St. Jean understood that amends needed to be made, and that to communicate to God, with his spiritual authority as a Father that he was taking on some of this punishment for sin on their behalf, is truly taking seriously the passage of scripture which tells us that we fill up what is lacking in the sufferings of Christ.  That Christ purposefully left something lacking in His all sufficient sacrifice, and that is our “cooperation” and willingness to unite ourselves to the same sacrifice in spirit through mortification (as St. Paul promotes).  Likewise, we also read in the Office of Readings a passage from scripture where soldiers had become corrupt by taking upon themselves pagan items that were forbidden.  Judas prayed for them, by gathering the sacrifice of a few thousand silver pieces, in order to offer as a sacrifice of reparation for the souls of the dead, the soldiers who had died with this sin on their soul.

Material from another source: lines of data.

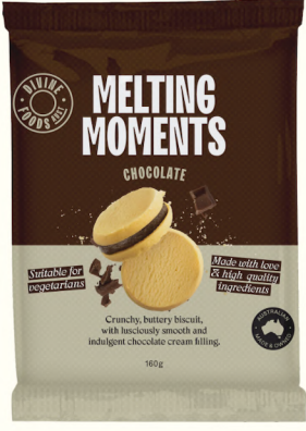
Vanilla Salted Caramel Passionfruit Chocolate
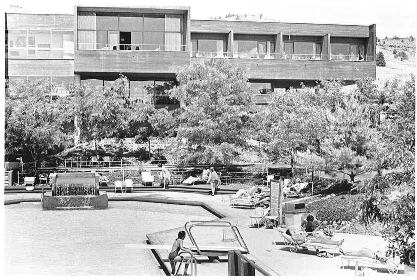
Kah-Nee-Ta Hotel Pool

After an effort of nearly twenty-years by the Columbia River Treaty Tribes and other fishery interests, 1985 saw the climax of negotiation and implementation of an international treaty with Canada for the management of salmon migrating between the two countries. It is expected that the new U.S.-Canada Pacific Salmon Treaty will go a long way toward restoring the Columbia River chinook salmon runs to their former greatness.
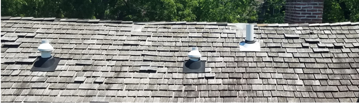
East Building showing deteriorated wood shingles.
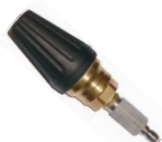
AN040 Turbo Nozzle Assembly
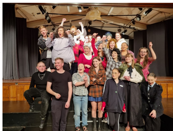
The cast of 'Wheeler's Luck'
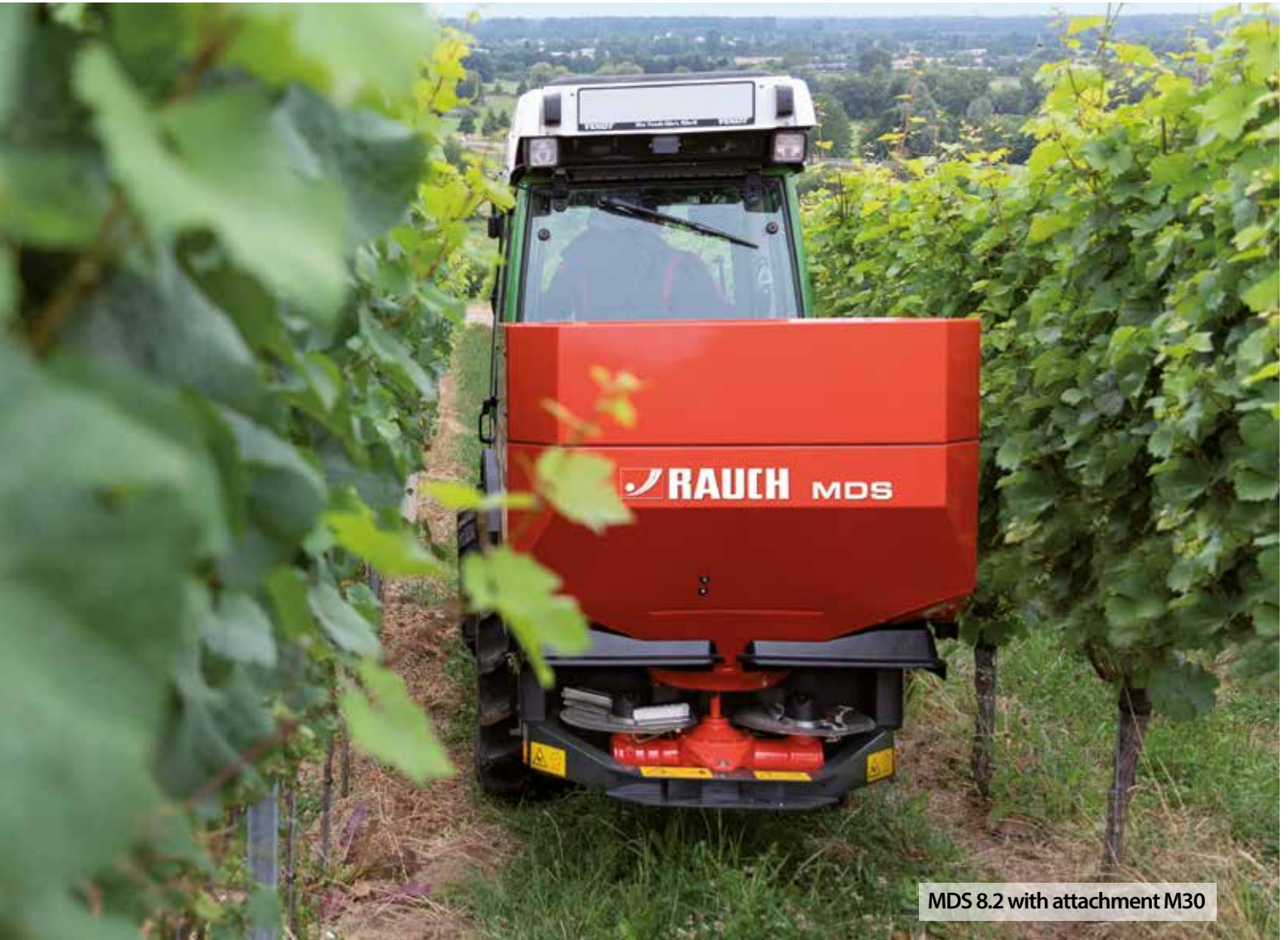
MDS 8.2 with attachment M30

MDS spreaders are indispensable for professional use in fruit, wine or hop cultivation and are perfectly prepared for this task with innovative detailed solutions.
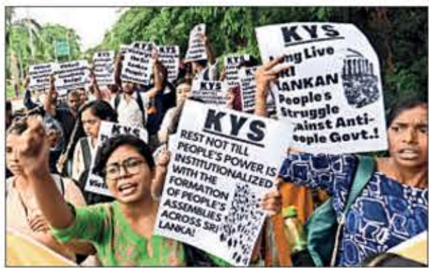
दिल्ली में श्रीलंका उच्चायोग के सामने लोगों ने प्रदर्शन किया।

नई दिल्ली : केंद्र सरकार ने मंगलवार को विपक्षी दलों को बताया गया कि श्रीलंका के मीडा संकट के दौर में भारत उसको हर मदद कर रहा है। मीटिंग में तब विवाद हो गया जब श्रीलंका की आर्थिक तबाही को बताने के दौरान वित्त मंत्रालय ने इस संकट से सवक लेने से संबंधित प्रेजेंटेशन दिया। इसमें केरल, तेलंगाना जैसे विपक्ष शासित राज्यों के कर्ज का मित्रक किया गया था। वित्त मंत्रालय में आर्थिक मामलों के सचिव की ओर से भारत के अलग-अलग राज्यों की वित्तीय स्थिति और उनके बढ़ते कर्ज के प्रतिकूल प्रभाव के बारे में बताया गया। इस पर विपक्षी सदस्यों ने आपत्ति दर्ज कराई कि वित्त मंत्रालय श्रीलंका के बारे में बताने के लिए है तो यह मुद्दा क्यों उठाया जा रहा है। विपक्षी दलों ने इसमें राजनीतिक का आरंभ लगाया और कहा कि अगर इस पर बात करनी है तो अलग से मीटिंग बुलाई और उसमें केंद्र सरकार के कर्ज की भी बात हो। इसके बाद यह प्रेजेंटेशन रोक दिया गया। विदेश मंत्री एस जयशंकर ने श्रीलंका के
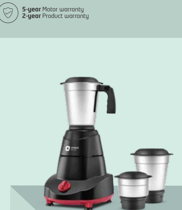
Chutney jar (0.4L) | Dry/Wet jar (0.8L) Liquidising jar (1.2L)

APPROVED BY: 5-year Motor warranty 2-year Product warranty
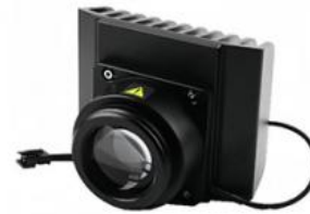
Ultra High Power and Wide Spectral White LED Light Source
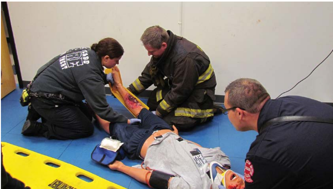
Firefighter and paramedics work together to assess and treat a simulated trauma victim.

The CFD STC has started preliminary data collection through the SafetyPAD EMS information management system to compare cardiac
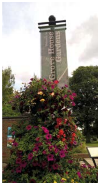
Grove House Gardens - Gold and Winner of the Best Public Open Space 2016

Dunstable in Bloom and the Town Council would like to thank all its supporters and project volunteers who have given their time and energy to making the town's In Bloom campaign such a success.
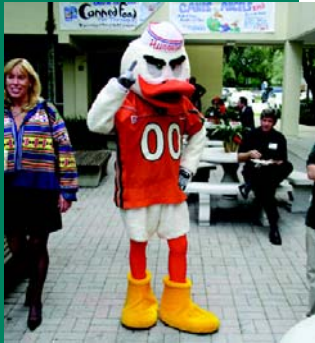
See page 12
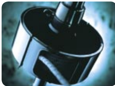
▶ RS2000 Reefing System

We've developed the RC 30 and RC40 carbon systems for sailors, who up to now have operated a Tuff Luff racing forestay system in addition to their standard roller reefing system in order to satisfy their racing ambitions. They were developed to eliminate the need for cumbersome retrofitting prior to each race. They are designed for yachts from approx. 42 to 68 feet with forestay lengths up to about 30 metres. As one meter of the double groove carbon profile weighs only from 0.327 kg (S2) to 0.77 kg (S4), the entire system is so light that it weighs even less than the corresponding racing profile forestay system. The RC 30 and RC 40 are hence very light reefing systems for cruising and you no longer require any other system for racing.
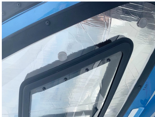
Bell 429 Cockpit & Cabin HeatShields

Cockpit Heatshields are interior sunshades for the aircraft's cockpit. The product is a unique composite of closed-cell foam with a silver mylar finish. The semi-rigid design is stiff enough to stand inside the window framing. Darts and folds are incorporated into the material so that it conforms to the complex shape of the helicopter windows. The set folds up flat and is easily stored in the included storage sleeve. Some designs may require velcro and suction cups. A Heatshield is an excellent short-term remedy for cockpit overheating, but an external fabric cover is more effective for long-term protection.
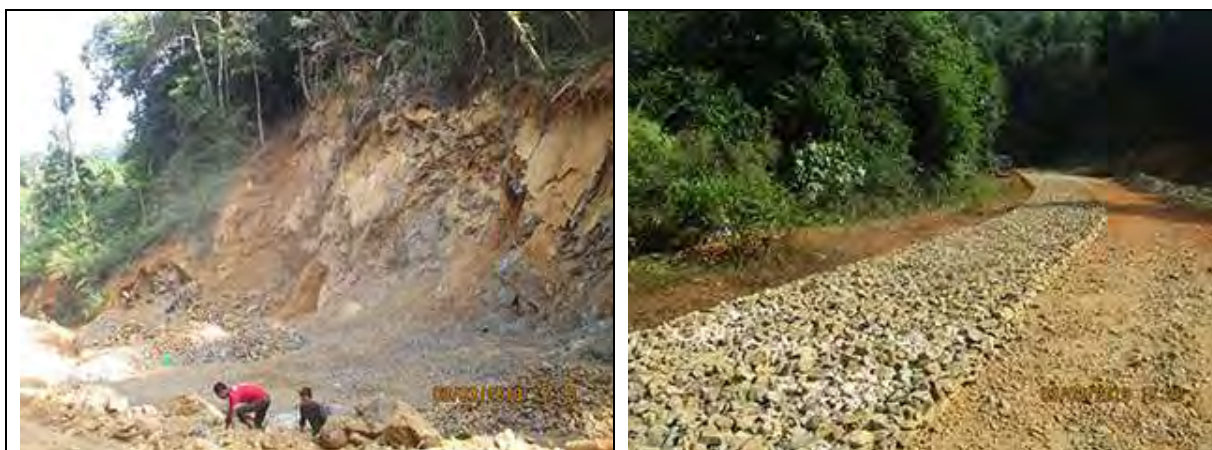
These photos were taken on March 3 rd 2018 in T’Pah village, K’Tah Kloh village tract, Tanintharyi Township. They show the road being built by Shway Kyun Aa Man Company. The company did not consult with the villagers or provide compensation for damages that it caused.
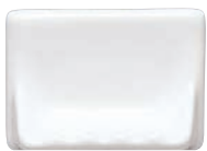
Gloss White Soap Dish*
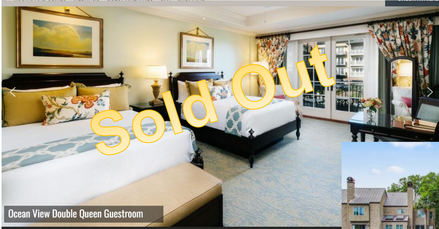
Ocean View Double Queen Guestroom
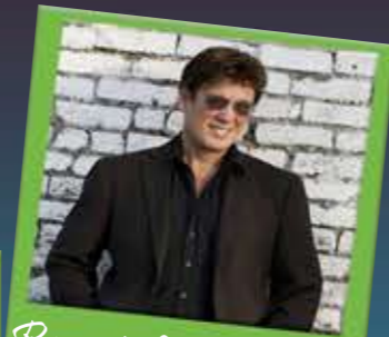
Ronnie McDowell & Highridge
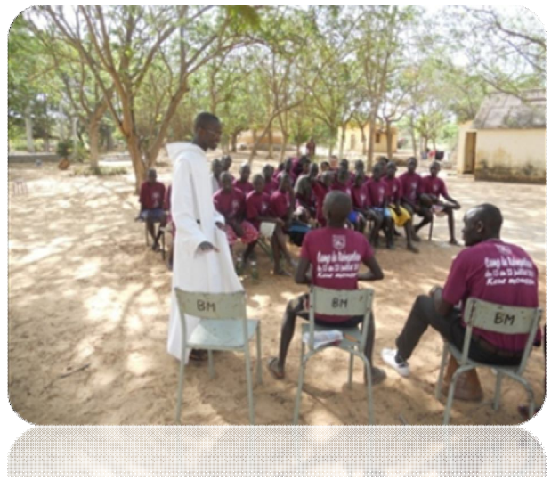
Boys put on a sketch while animators look on! Even a visit from a monk!

 The laity are invited, likewise, to take part in this work of reparation – but it means that we first need to understand that our life, and our identity is no longer about ourselves.  We live to and die to the Lord, and we are created to Love God and our Neighbour.  IN this sense, if we truly internalize this as our identity and mission, we will not be reluctant to suffer for the sake of others.  We will not merely present what appears to the world to be suffering, but we will actually suffer, according to the wisdom of prudence and a good spiritual director.